It is not that that outbreak gives us present alarm for the spread among us of the disorders forcibly obtruded into Virginia; but the spirit that prompted this is a monster to be met and throttled, or there can be no peace between us and our adversaries. And it is, above all things, necessary for us to know who are our enemies, and how many and strong they are. Here is a demoniac plot discovered, which daringly undertakes to propagate discord by bloodshed and riot, into peaceful communities, and though it be baffled, and the leaders crushed out, rumor connects with the plot the names of several potent public men of the North. They generally disclaim and denounce the insurrection, but there is a mystery still unexplained, as to the degree of complicity, the source of the of the means, and the amount of guilty confidence, which a thorough exposure of all the ramifications of the conspiracy would develop. But what we do know is that violent journals at the North do sympathise with these ruffians; and what we cannot fail to see is, that this incendiary attempt, though rejected as unwise, and bewailed as a blunder, is the legitimate result of the teachings of Northern pulpits, the platforms of Northern politicians, and the fervent declamations of favorite Northern statesmen.

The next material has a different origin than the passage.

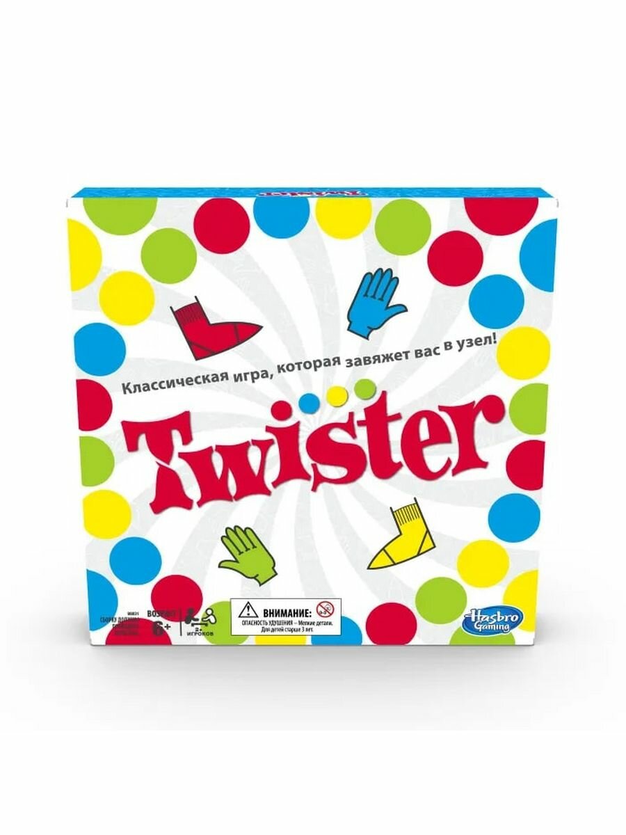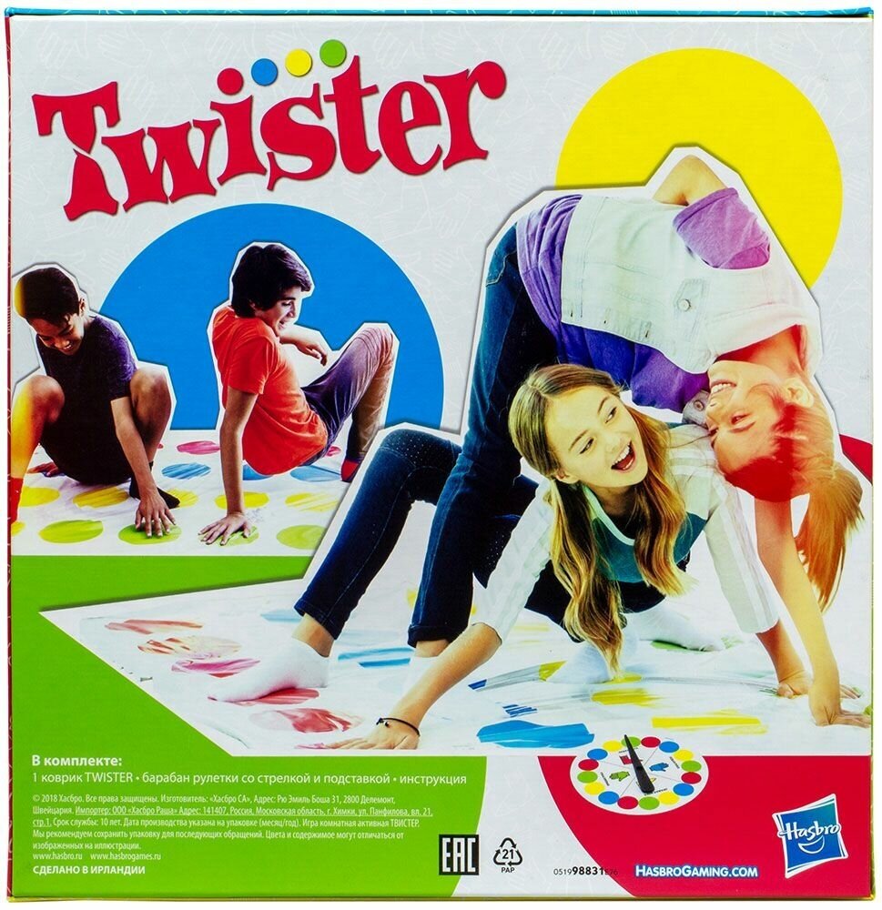 Настольная игра Hasbro 98831 Твистер станет отличным развлечением для детей, семейной пары или веселой компании на вечеринке. Участники по очереди крутят рулетку, которая указывает, на какой круг им следует ставить ладони или ступни. Побеждает тот, кто последним удержится на поле и выполнит все указания. Игра позволяет продемонстрировать свои физические способности. Она развивает координацию движений, а также повышает гибкость мышц и суставов.

Now it is not of so much importance to know who favored directly the plot that has failed, and is repudiated as a failure, as it is to know who is for the continuance of this warfare, in its widest sense, who are disposed to go on, and how far, in this anti-Southern crusade, which heats up desperate minds to such shocking excesses; how far the judgment, the conscience, and the patriotism of the North will permit them to tolerate the class of men as their leaders who have voluntarily, by participation, or connivance, by actual aid or criminal silence, encouraged the atrocious scheme of robbery, sedition and murder, the saturnalia of blood and rapine, which Brown sought to create in Virginia; and how far they will continue to permit themselves to be misled by the demagogues of the pulpit, the stump, and the legislative chambers, by whose visionary doctrines, wild, exhortations, and fiery denunciations, the popular mind has been heated to a frenzied hatred of the South, and their ignorant and desperate followed made to believe that they are doing a righteous work, and earning great rewards, besides the little private gains they can pick up for themselves in the disorders they create.

Here is the real lesson to be drawn from the Harper's Ferry outbreak: It is a solemn appeal to the North to consider well what it owes to the South, to the constitution, and to our common country, in its dealings with the Harper's Ferry rioters, and their councellors, abettors and teachers.

The response thus far, to this inquiry, is encouraging to the hope that the great body of the Northern people are awaking to the peril of the position into which they have been unwittingly drawn, by unprincipled and selfish men. May the event justify the hope, in the dismissal of the mischief makers from the post of leaders, and the restoration of a constitutional rule of order, for the faction and frenzy which has brought the country into its present state of discord of danger.